Right now, the French government is making a huge stink over whether its existing program of film quotas and subsidies could be threatened by a potential trade agreement between the United States and the European Union. French officials have threatened to obstruct any efforts to negotiate a deal unless they get assurance that their pet program is off the table.


Is this an early sign that the trade negotiations are bound to fail? Not quite.


 


In a piece titled “Pretentious Movies May Doom U.S.-EU Trade Pact,” Evan Soltas offers this unpleasant scenario:

An exclusion of French films would set a precedent. Other nations would like to protect their own entertainment industries. The demand could set off an escalating “tit-for-tat” game with the U.S. and other European nations–eventually leaving large segments of their economies immune from freer trade.

Over at Slate, Matt Yglesias urges people to “calm down” and assures us that France’s obstinacy is political posturing. No one really minds if France gets to keep its subsidies, so the film exception will be accepted and everything will continue apace.


In a way, Soltas and Yglesias are both correct. France’s demand for an exception will not scuttle the negotiations because demanding exceptions is what trade negotiations are all about. An agreement to end all tariffs, quotas, and subsidies is easy to draft. The job of trade negotiators is to reach agreement while managing the very real and harmful “tit-for-tat” game that Soltas worries about.


Trade liberalization is politically difficult. Almost every trade barrier currently in place has a domestic special interest that will fight tooth and nail to keep it in place. Achieving freer trade through international agreements is one way to overcome that opposition; offering access to foreign markets garners support that offsets the opposition.


But some domestic industries just have too much political clout to overcome without a concession. Free trade agreements are full of exceptions, caveats, and contingencies, and each one represents an effort to appease special interests that would otherwise threaten to scuttle the deal. For example, thanks to the ever-shrinking U.S. textile and apparel industries, our trade agreements have historically contained ridiculously byzantine rules of origin and confusing quota systems for textiles. Each inefficient, uncompetitive industry will yelp until it gets a satisfactory bone tossed its way. These exceptions don’t kill the deal; they just make the deal less good.

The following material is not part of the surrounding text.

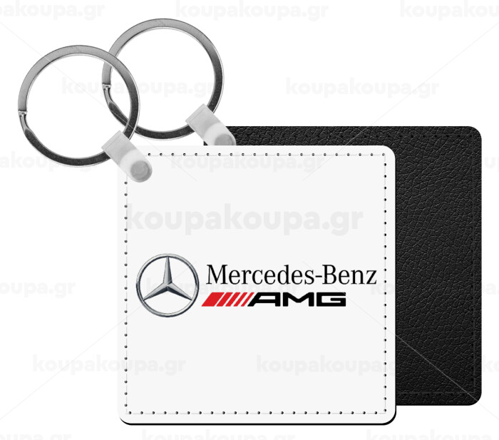 AMG Mercedes, Μπρελόκ Δερματίνη, τετράγωνο ΜΑΥΡΟ (5x5cm)

Liberalizing the French cinema market is not so important that a U.S.-EU free trade agreement cannot continue without it. The main loser in exempting France’s protectionist film policies from the agreement is the French people, who are denied the full benefits of a competitive marketplace. Exceptions should be counted as losses in the battle to liberalize global commerce, but the immediate goal is to minimize the number and impact of these exceptions while still arriving at a final deal.